■ **Exercise instructions**: Return the listing exactly, please; no pictures.

■ **Input data**:
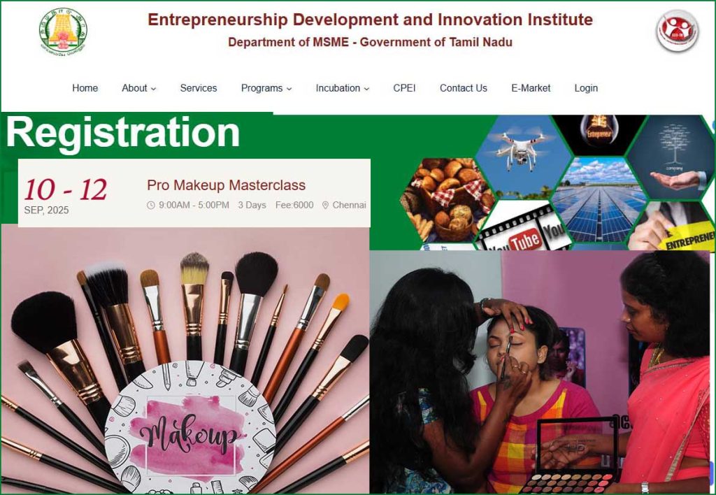 அதன்படி, தொழில் முனைவோர் மேம்பாடு மற்றும் புத்தாக்க நிறுவனத்தின் மூன்று நாள் மேக்கப் மாஸ்டர்கிளாஸ் பயிற்சி வரும் 10.09.2025 முதல் 12.09.2025 வரை காலை 10 மணி முதல் மாலை 5.00 மணி நடைபெற உள்ளது. பிரைடல், ஃபேஷன், சினிமா, HD மேக்கப், ஹேர்ஸ்டைல், ஸ்கின் கேர், SFX வரை அனைத்தும் ஒரே இடத்தில் கற்கும் முழுமையான பயிற்சி அளிக்கப்பட உள்ளது.
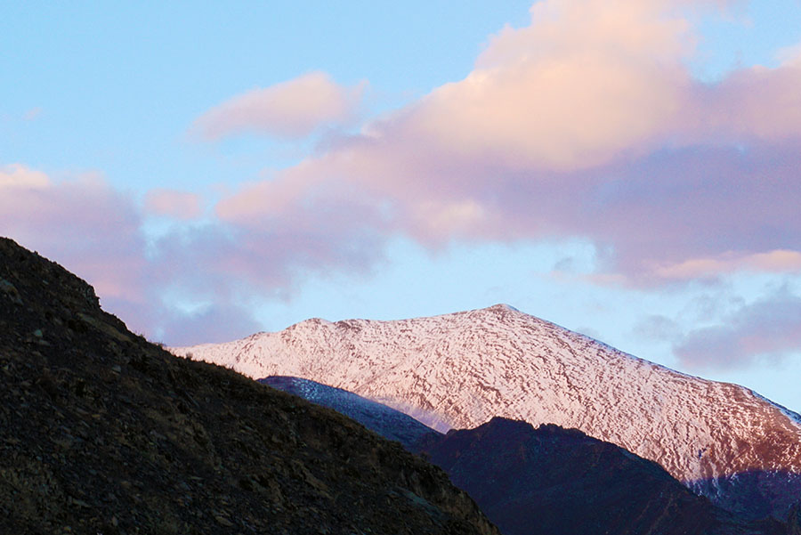 愿望不断地在脑子里转圈,骑行变成机械的动作。大概离垭口还有三四公里远的时候,我们走出峡谷。
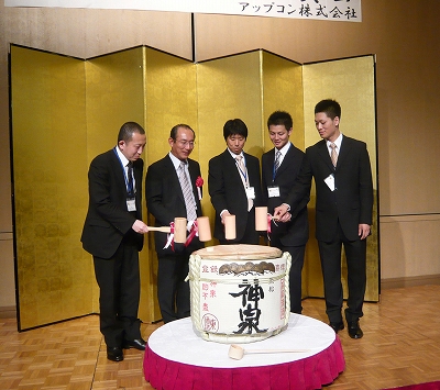 これからアップコンを背負って立つフレッシュなメンバーが選出され、m社長を囲んでの鏡割りとなりました。
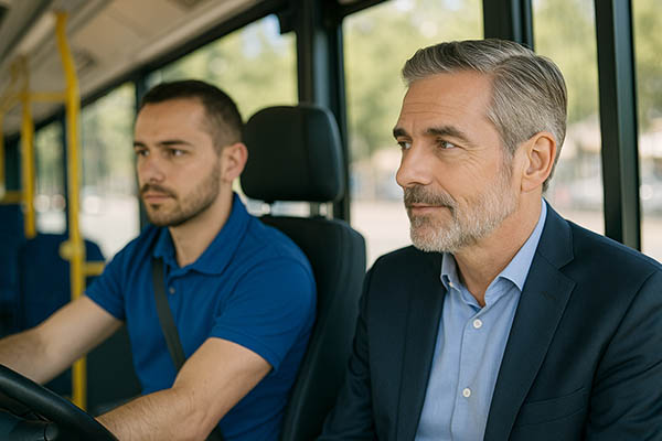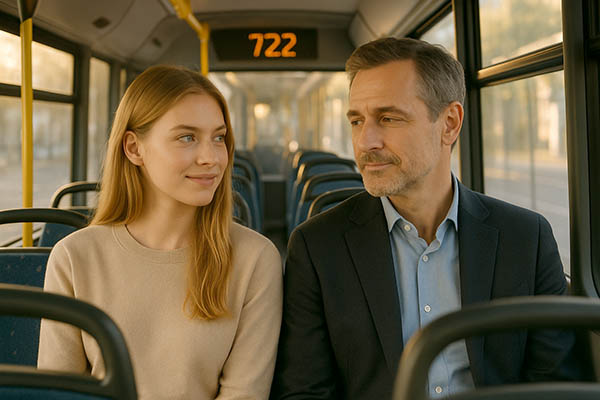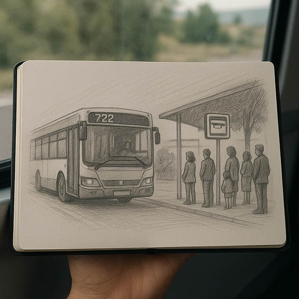Un día cualquiera. El 722 llegó puntual, como casi siempre. Él subió, saludó a Juan, el conductor, y buscó asiento. Observó el pasillo con calma, como quien no tiene prisa

■ **Answer to the exercise**:
 அதன்படி, தொழில் முனைவோர் மேம்பாடு மற்றும் புத்தாக்க நிறுவனத்தின் மூன்று நாள் மேக்கப் மாஸ்டர்கிளாஸ் பயிற்சி வரும் 10.09.2025 முதல் 12.09.2025 வரை காலை 10 மணி முதல் மாலை 5.00 மணி நடைபெற உள்ளது. பிரைடல், ஃபேஷன், சினிமா, HD மேக்கப், ஹேர்ஸ்டைல், ஸ்கின் கேர், SFX வரை அனைத்தும் ஒரே இடத்தில் கற்கும் முழுமையான பயிற்சி அளிக்கப்பட உள்ளது.
 愿望不断地在脑子里转圈,骑行变成机械的动作。大概离垭口还有三四公里远的时候,我们走出峡谷。
 これからアップコンを背負って立つフレッシュなメンバーが選出され、m社長を囲んでの鏡割りとなりました。
Un día cualquiera. El 722 llegó puntual, como casi siempre. Él subió, saludó a Juan, el conductor, y buscó asiento. Observó el pasillo con calma, como quien no tiene prisa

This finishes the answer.